Break-ins and robberies to support drug habits. Parents chasing after their addicted children trying to get them help. Addicts begging doctors and pharmacists for prescriptions. This is La Crosse’s drug problem … 100 years ago.

Opiates and cocaine had, during the 1800s, little in the way of regulation. Many widely used patent medicines contained doses of the drugs and were available in general stores, pharmacies or even from Sears & Roebuck. Opiates, sometimes in the form of tinctures mixed with alcohol, were often prescribed for “female troubles” and some women became addicted as a result. Opium dens, where the drug was smoked, existed in many metropolitan areas, including St. Paul and Minneapolis. By the end of the 19th century, however, injection was becoming more and more common as a way to abuse both cocaine and opiates. 

In the eyes of the general public, drug abuse, began to be associated with criminal activity. An article from the May 23, 1906, issue of the La Crosse Tribune detailed an addict convicted of stealing silk handkerchiefs from the Park Store, what would later become Doerflinger’s department store. After being arrested, he suffered withdrawal so terribly in jail that he was finally given small doses of heroin to “quiet his nerves.” The article went on to detail how he would be weaned off the drug while serving his sentence at Waupun State Penitentiary.

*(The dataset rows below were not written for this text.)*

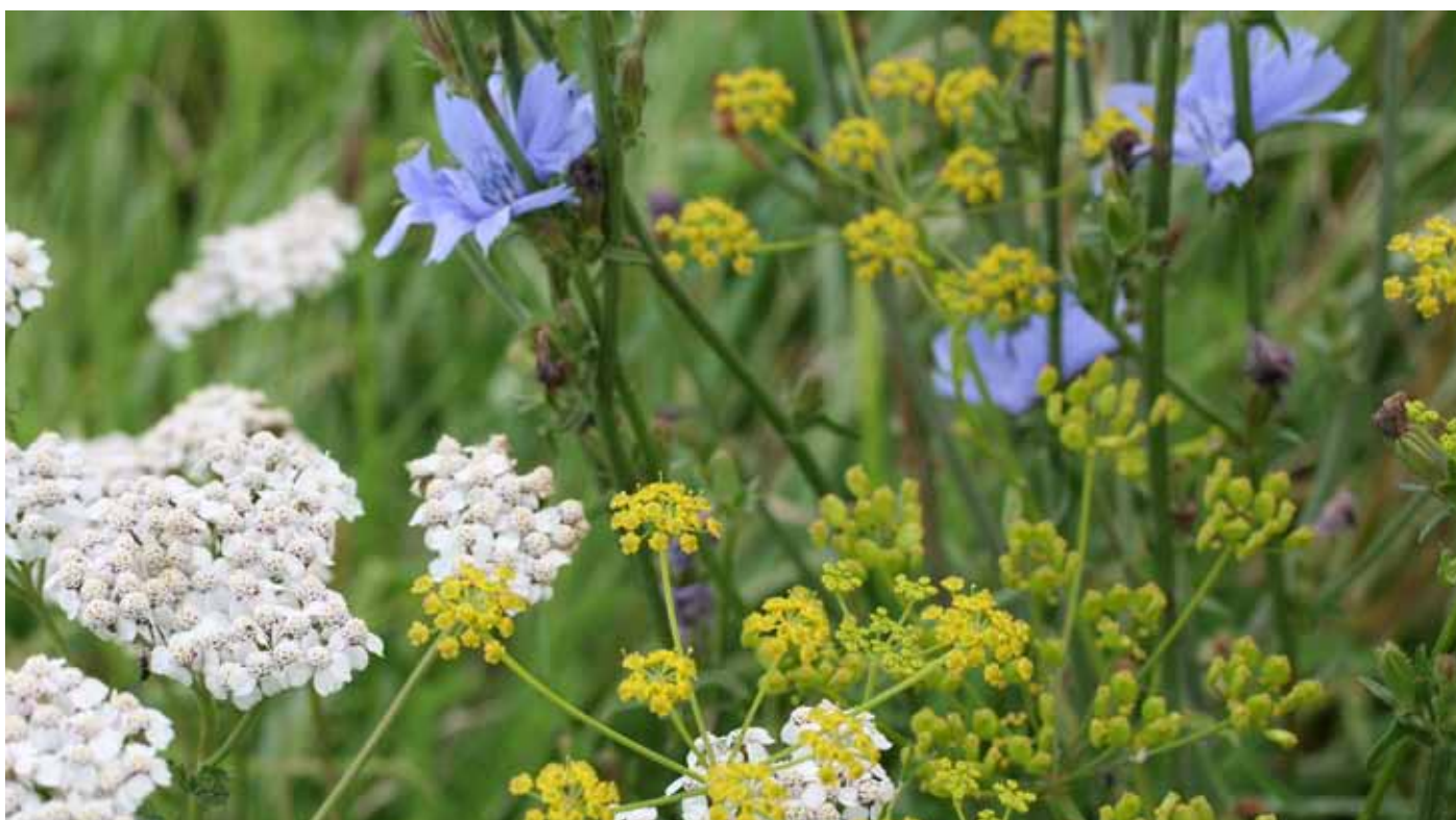
Hoogte van mineralengehalte van kruiden hangt af van: soort kruid, grondsoort, gebruik van stengel of blad en aandeel kruiden in rantsoen.

Bij gras en witte klaver wordt de minerale samenstelling mede bepaald door de grondsoort. Uit Vlaams onderzoek blijkt echter dat er geen direct verband bestaat tussen het mineralengehalte in de bodem (laag 0-10 cm) en in de kruiden geteeld op deze grond. Alleen voor het fosforgehalte werd een positieve relatie gevonden tussen de bodemtoestand en het fosforgehalte in de kruiden. Mogelijk speelt de diepere beworteling van kruiden hier een rol, waardoor de bodemtoestand in de laag 0-10 cm minder bepalend is. In het algemeen wordt een lager mineralengehalte vastgesteld in kruiden op een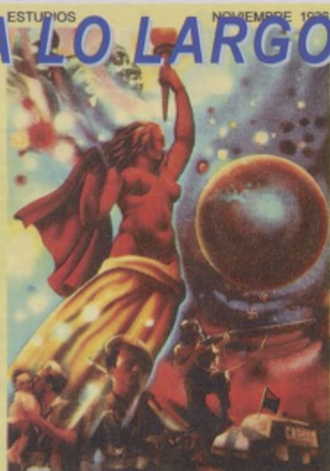
El precio de nuestro heroico sacrificio será la libertad y el bienestar del mundo

Es importante aclarar que ninguna de aquellas mujeres tenían ningún familiar en la expedición hacia África y que tan sólo era un espontáneo acto de solidaridad contra la imposición a la guerra. Claro, que toda esta solidaridad se acabó en el año 1.923, con el golpe de estado del general Primo de Rivera, cuya dictadura fue de trágicas consecuencias para todos los movimientos obreros, entre ellos, por supuesto, los de las mujeres trabajadoras.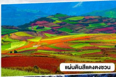
แผ่นดินสีแสดตงชวน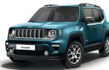
470 Bikini (metalizowany)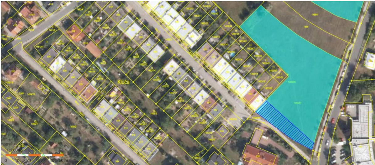
Část pozemků č.2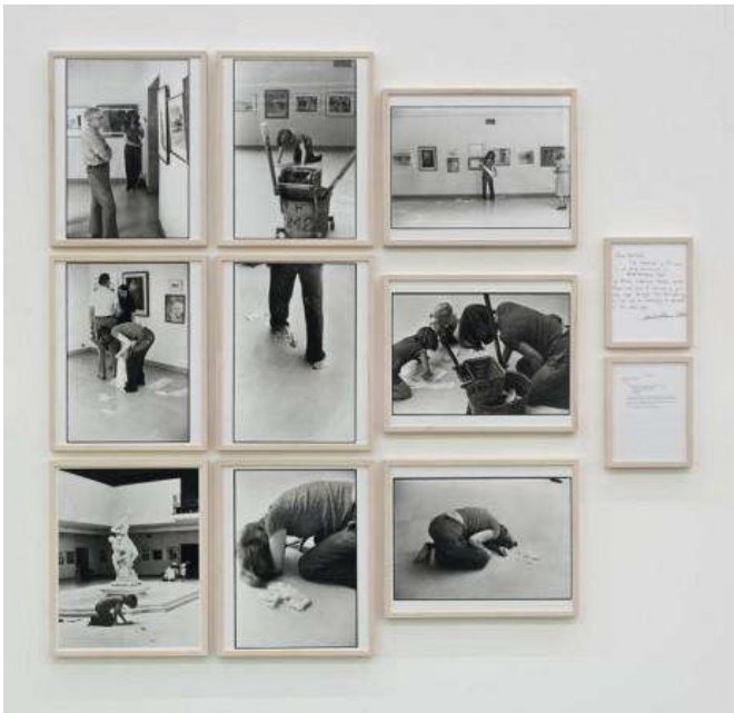
Fig. 20. Landerman Ukeles, M. (1973). Washing/Tracks/Maintenance: Inside, July 22, 1973 [Serie fotográfica]. David Kordansky Gallery, Nueva York.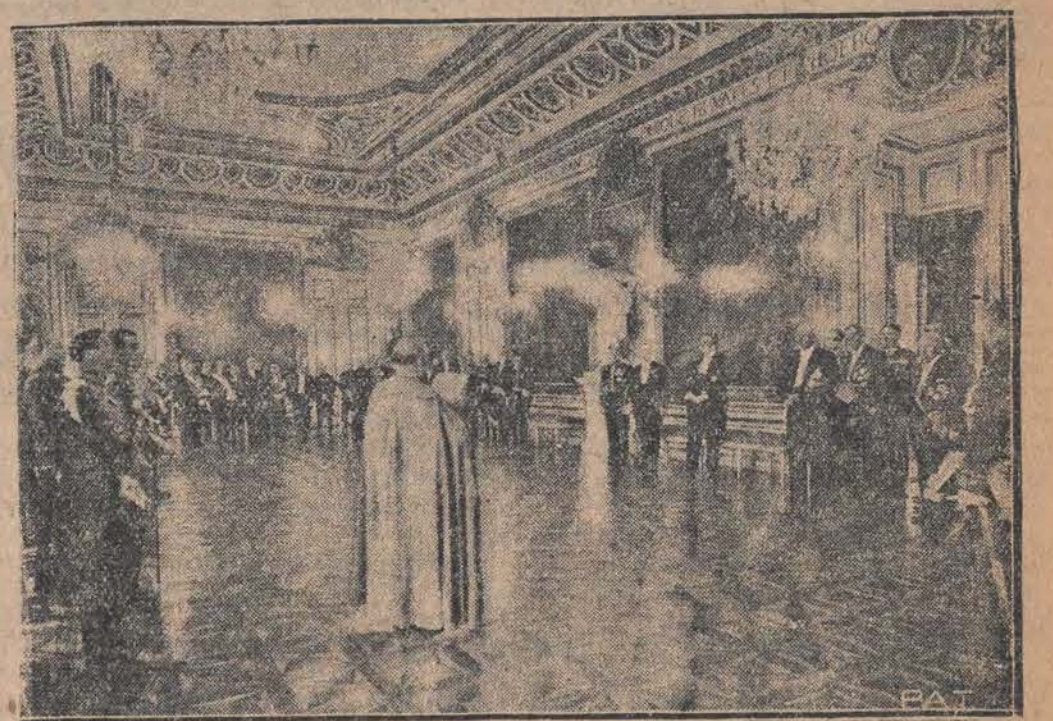
Zgodnie z przyjętym zwyczajem Pan Prezydent R. P. przyjmował na Zamku życzenia z okazji Nowego Roku. Na zdjęciu naszym widzimy Pana Prezydenta w otoczeniu członków domu wojskowego i cywilnego, słuchającego przemówienia, wygłaszanego w imieniu korpusu dyplomatycznego przez Nuncjusza Apostolskiego.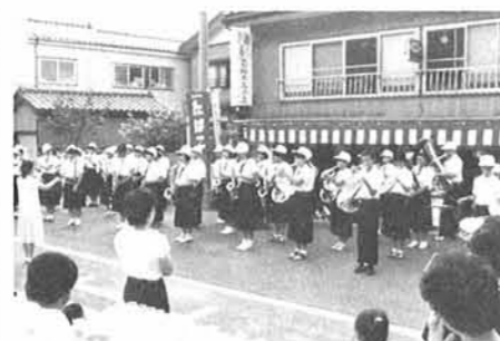
寺泊・大河津両中学校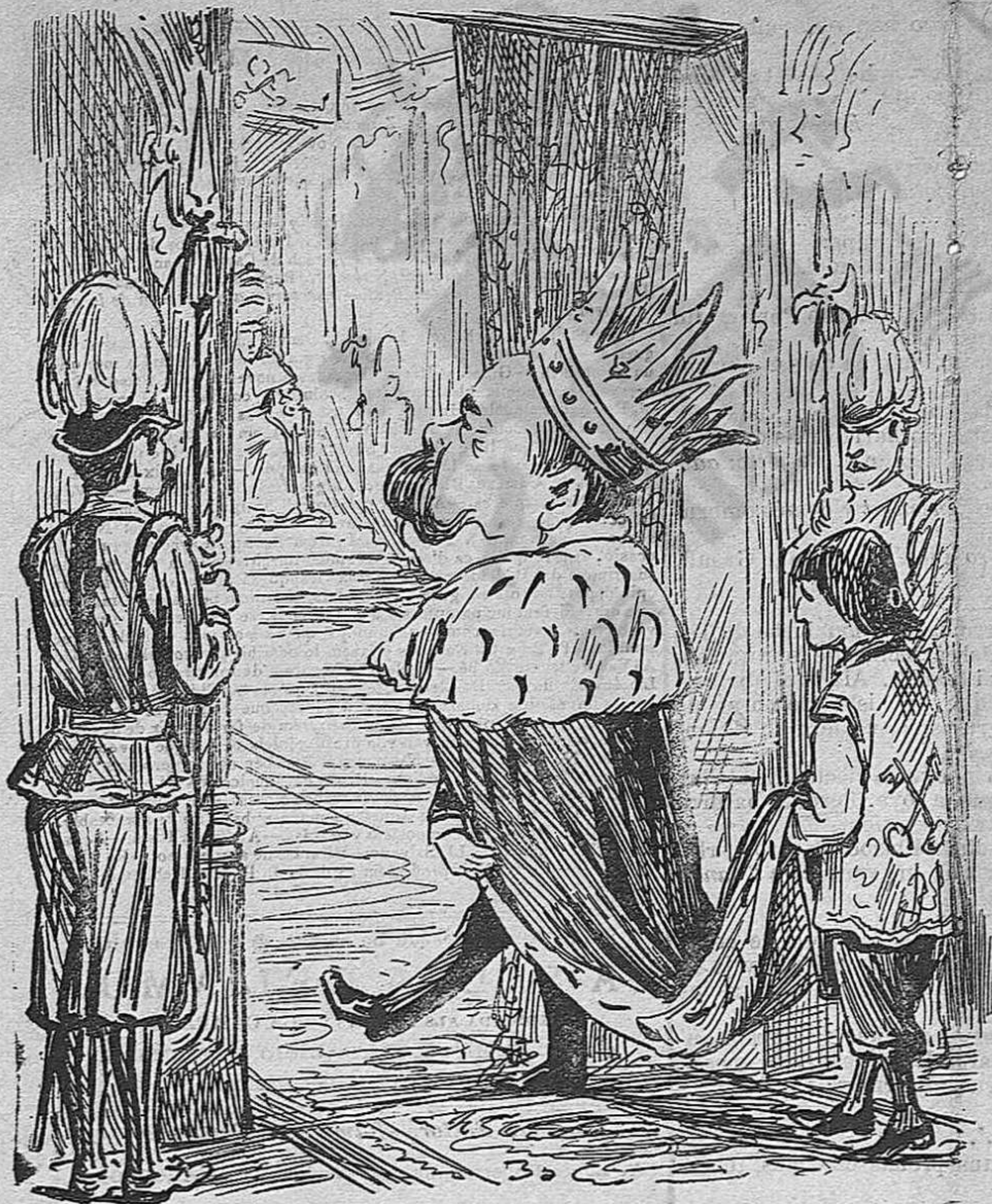
Va ser rebut com un rey.

Another article from the Dec. 4, 1908, La Crosse Tribune recounted how a local woman, arrested in Waterloo, Iowa, for theft, fainted after being denied morphine while in custody. In July of 1913, a gambler and “opium fiend” arrested in La Crosse was released early after the county physician stated that it would be “torture” to continue to incarcerate him while he suffered from withdrawal.

Editorials locally and nationwide asserted that drug addiction, legal or not, encouraged crime. Many of the calls for tighter regulation contained racist elements. Cocaine and opiates were linked in newspaper editorials to African Americans and Chinese and fears of sexual violence. By 1914, the majority of states had enacted laws and regulations against cocaine and opiates such as heroin and morphine.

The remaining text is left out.